Published 7 February 2017

The Women’s Equality Party is organising a nationwide women’s day off, to be held in 2018 to coincide with the centenary of the Representation of the People Act.

The original Women’s Day Off was held in Iceland in 1975: women took the day off from paid and unpaid work in order to demonstrate the value of their labour and tackle national attitudes to gender equality. The effect was immediate: sexist attitudes became unacceptable overnight, and Iceland now boasts a proud record of pushing attitudinal and policy change, and boosting female representation.

Co-founder Catherine Mayer makes the call in her new book Attack of the Fifty Foot Women: How Gender Equality Can Save The World!, to be published by HQ, an imprint of HarperCollins, in the UK and Commonwealth on International Women’s Day, 8 March, followed by Canada in May and the USA in September.

“Canvassing for the Women’s Equality Party ahead of our first elections in May 2016, I realised people had no idea how a gender-equal society would look — because there is no such society anywhere in the world,” she says. “At the end of Attack of the Fifty Foot Women I take readers on a tour of a gender-equal world I call Equalia. My conclusions are based on global research, including a trip to Iceland, a country which has gone further than any other towards reaching the goal of gender equality - helped enormously by a single day in 1975 when ninety per cent of Icelandic women downed tools. I was inspired, and have made the call for a similar Women’s Day Off central to my new book.

“The Women’s Equality Party, of which I am a proud co-founder, is organising the UK’s first Women’s Day Off, to be held next year. WE held our first meetings with other organisations last year and enthusiasm for the idea is phenomenal.

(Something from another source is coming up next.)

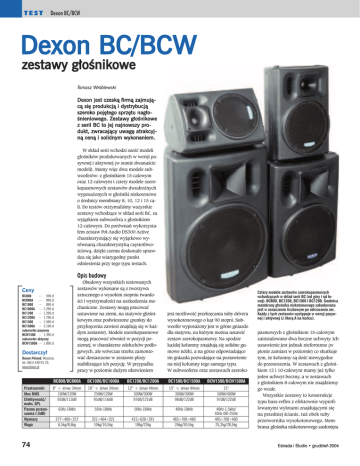 TEST Dexon BC/BCW Dexon BC/BCW zestawy g³oœnikowe Tomasz Wróblewski Dexon jest czesk¹ firm¹ zajmuj¹ c¹ siê produkcj¹ i dystrybucj¹ szeroko pojêtego sprzêtu nag³o œnieniowego. Zestawy g³oœnikowe z serii BC to jej najnowszy pro dukt, zwracaj¹cy uwagê atrakcyj n¹ cen¹ i solidnym wykonaniem. W skład serii wchodzi sześć modeli głośników produkowanych w wersji pasywnej i aktywnej (w sumie dwanaście modeli). Mamy więc dwa modele subwooferów: z głośnikiem 15-calowym oraz 12-calowym i cztery modele szerokopasmowych zestawów dwudrożnych wyposażonych w głośniki niskotonowe o średnicy membrany 8, 10, 12 i 15 cali. Do testów otrzymaliśmy wszystkie zestawy wchodzące w skład serii BC, za wyjątkiem subwoofera z głośnikiem 12-calowym. Do porównań wykorzystałem zestaw Pol-Audio DS300 Active charakteryzujący się wyjątkowo wyrównaną charakterystyką częstotliwościową, dzięki czemu doskonale sprawdza się jako wiarygodny punkt odniesienia przy tego typu testach. Opis budowy Obudowy wszystkich testowanych zestawów wykonane są z tworzywa sztucznego o wysokim stopniu twardości i wytrzymałości na uszkodzenia mechaniczne. Zestawy mogą pracować ustawione na ziemi, na statywie głośnikowym oraz podwieszone (punkty do przykręcenia zawiesi znajdują się w każdym zestawie). Modele szerokopasmowe mogą pracować również w pozycji poziomej, w charakterze odsłuchów podłogowych, ale wówczas trzeba zamontować dostarczone w zestawie płozy stabilizujące ich pozycję. W przypadku pracy w poziomie dużym ułatwieniem Ceny BC800 – 590 z³ BC800A – 890 z³ BC1000 – 890 z³ BC1000A – 1.290 z³ BC1200 – 1.290 z³ BC1200A – 1.790 z³ BC1500 – 1.590 z³ BC1500A – 2.190 z³ subwoofer pasywny BCW1500 – 1.390 z³ subwoofer aktywny BCW1500A – 1.890 z³ Dostarczy³ Dexon Poland, Wrzeœnia tel. (061) 438-91-23, www.dexon.pl Przetworniki Moc RMS Efektywnoœæ/ maks. SPL Pasmo przenoszenia (-3dB) Wymiary Waga 74 jest możliwość przekręcania tuby drivera wysokotonowego o kąt 90 stopni. Subwoofer wyposażony jest w górne gniazdo dla statywu, na którym można ustawić zestaw szerokopasmowy. Na spodzie każdej kolumny znajdują się solidne gumowe nóżki, a na górze odpowiadające im gniazda pozwalające na postawienie na niej kolumny tego samego typu. W subwooferze oraz zestawach szeroko- BC800/BC800A BC1000/BC1000A BC1200/BC1200A BC1500/BC1500A BCW1500/BCW1500A 8” + driver 34mm 100W/120W 92dB/113dB 10” + driver 34mm 250W/120W 95dB/116dB 12” + driver 44mm 300W/300W 97dB/121dB 15” + driver 44mm 300W/300W 98dB/122dB 15” 500W/400W 97dB/122dB 65Hz-18kHz 55Hz-18kHz 50Hz-18kHz 40Hz-18kHz 277×400×257 6,5kg/8,6kg 321×464×321 10kg/10,5kg 415×620×391 18kg/23kg 485×700×460 26kg/30,5kg 40Hz-1,5kHz/ 45Hz-(80-25)Hz 485×700×460 25,2kg/28,5kg Cztery modele zestawów szerokopasmowych wchodz¹cych w sk³ad serii BC (od góry i od lewej): BC800, BC1200, BC1500 i BC1200. Œrednica membrany g³oœnika niskotonowego zakodowana jest w oznaczeniu liczbowym po odrzuceniu zer. Ka¿dy z tych zestawów wystêpuje w wersji pasywnej i aktywnej (z liter¹ A na koñcu). pasmowych z głośnikiem 15-calowym zainstalowano dwa boczne uchwyty. Ich ustawienie jest jednak niefortunne (w pionie zamiast w poziomie) co skutkuje tym, że kolumny są dość niewygodne do przenoszenia. W zestawach z głośnikiem 12 i 10-calowym mamy już tylko jeden uchwyt boczny, a w zestawach z głośnikiem 8-calowym nie znajdziemy go wcale. Wszystkie zestawy to konstrukcje typu bass-reflex z efektownie wyprofilowanymi wylotami znajdującymi się na przedniej ścianie, tuż obok tuby przetwornika wysokotonowego. Membrana głośnika niskotonowego zasłonięta Estrada i Studio • grudzieñ 2004 Dexon BC/BCW jest solidną, stalową siatką. Znacznie drobniejsza siateczka chroni też wylot drivera. Modele pasywne wyposażone są w dwa równoległe gniazda speakon, ale bez możliwości pracy w trybie bi-wire. W przypadku zestawów szerokopasmowych modele aktywne posiadają równolegle połączone ze sobą wejście i wyjście XLR, które może współpracować z sygnałem o poziomie liniowym lub mikrofonowym. Z powodu braku załączanego napięcia fantom nie ma niestety możliwości współpracy z mikrofonami pojemnościowymi oraz aktywnymi DI-boxami. Wejście mikrofonowe może więc współpracować tylko z mikrofonami dynamicznymi i mikrofonami pojemnościowymi z własnym zasilaniem. Można je też wykorzystać w sytuacji, gdy wejście liniowe okaże się zbyt mało czułe. Inteligentnie rozwiązano kwestię przełącznika czułości MIC/LINE, którego nie można przez przypadek wcisnąć. Tylny panel zestawów aktywnych stanowi jednocześnie radiator chłodzący stopnia mocy. Podczas pracy potrafi on dość mocno się nagrzać, ale nie do tego stopnia, by nie można było dotknąć go dłonią. Zestawy szerokopasmowe posiadają dwudrożny korektor niskich i wysokich tonów, a subwoofer filtr dolnoprzepustowy o regulowanej częstotliwości odcięcia, pozwalający od góry ograniczyć przenoszone pasmo (od 80Hz do 250Hz). Wyjście z subwoofera, które podłączamy do zestawów szerokopasmowych, jest wyprowadzone przed tym filtrem, więc sygnał podawany dalej jest pełnopasmowy. Wadą tego rozwiązania jest fakt, że te same częstotliwości są przetwarzane jednocześnie przez subwoofer jak i zestaw szerokopasmowy. Można wprawdzie skorzystać z funkcji odwrócenia polaryzacji sygnału w subwooferze (przycisk INV), ale nie eliminuje to do końca ewentualnych problemów fazowych z przetwarzaniem najniższych tonów. Zestawy 12 i 15-calowe Zestawy z głośnikami o średnicy 12 i 15 cali różnią się od siebie jedynie gabarytami i wielkością zastosowanego przetwornika niskotonowego W obu przypadkach 44-milimetrowy driver i współpracująca z nim tuba są takie same. Zestaw aktywny z piętnastką przy głośnym słuchaniu zwraca uwagę dość wyraźnymi brakami w zakresie wyższego

WE believe this will have the same seismic effect on attitudes to gender equality in this country, and will be announcing more detailed plans soon.”

Sophie Walker, leader of the Women’s Equality Party, added: “I was proud to march alongside tens of thousands of people in London last month, who all saw the need for urgent change in attitudes towards gender equality. Our Women’s Day Off in 2018 will show the value of women’s economic contributions, as well as underline the crucial role women play in holding together families, communities and industries. It is only when this is truly valued that women will be judged equally alongside men. Our day will be an historic moment. It will change British culture for good.”